A local weather forecaster suggested that Kansans needed Dramamine in order to survive the roller coaster that is March weather in the Midwest. When I woke up this morning, there was snow and sleet on the ground. But Friday was beautiful and warm and Jim and I went for a drive to take in the sunshine. We found ourselves driving around Clinton Lake.

Clinton Lake at dusk.

Clinton Lake at dusk.

I have a few childhood memories of Clinton Lake, but I did not know back then that the lake was relatively new, having been completed by the U.S. Army Corps of Engineers in 1977. The town of Clinton survived; some other unincorporated communities vanished into the watershed district. Near the town of Clinton, though, is Clinton Cemetery, which turned out to be a treasure trove of gnarled trees and old and interesting graves.

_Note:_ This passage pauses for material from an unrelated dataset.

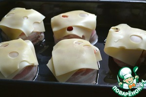 Всю эту красоту накрыть тонким ломтиком сыра.

Except for in communities with easy railroad access or a local stone mason, elaborate monuments are scarce in Kansas before the 1890s. Headstones celebrating those with birthdays before 1800 are also scarce west of the Kansas City area. And yet, here in Clinton Cemetery, there are several examples of beautiful tree stump monuments, stones with embedded porcelain photographs, and other creative and intricate markers. There are graves for children of men who fought in the Revolutionary War and there is at least one marker for a former slave born in 1799.

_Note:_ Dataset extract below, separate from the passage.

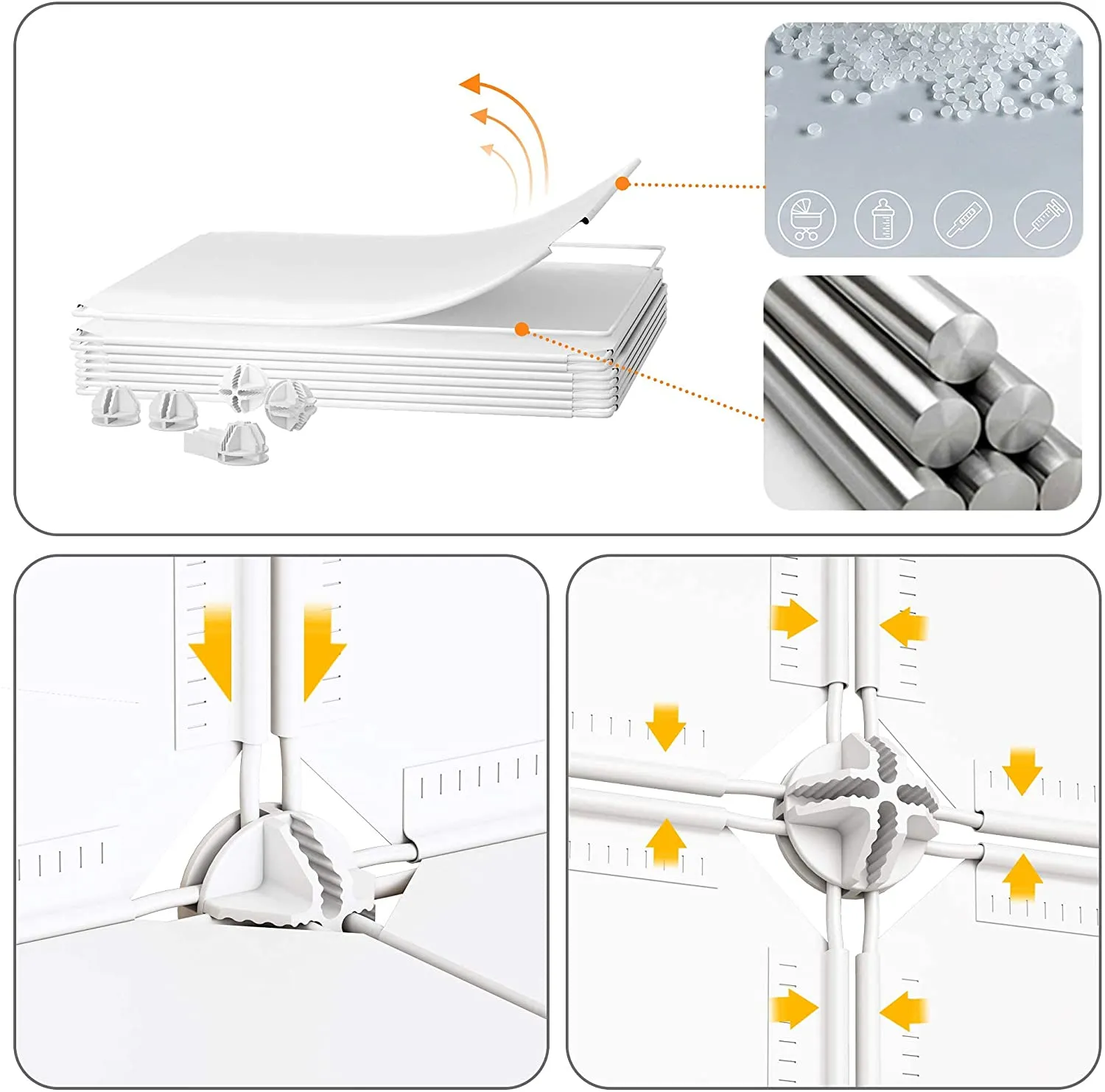Ultra Big Capacity & Bearing Ability: One protable shoe storage organzier rack can fit about 16 – 32 pairs of adult shoes depending on the number of cubes. Each cube can hold up to 10 kg of weight at one time.

Nickerson Cowan (also listed as Cowen in the cemetery records). "Passed to the Spiritland of the 17 Day of May 1886, Aged 87 Years. A slave till Lincoln's proclamation on 1 January 1863.

Nickerson Cowan (also listed as Cowen in the cemetery records). “Passed to the Spiritland of the 17 Day of May 1886, Aged 87 Years. A slave till Lincoln’s proclamation on 1 January 1863.

Should you find yourself at Clinton Lake this summer, make a little time for the museum (which is open May through October) and this cemetery. It is worth a visit.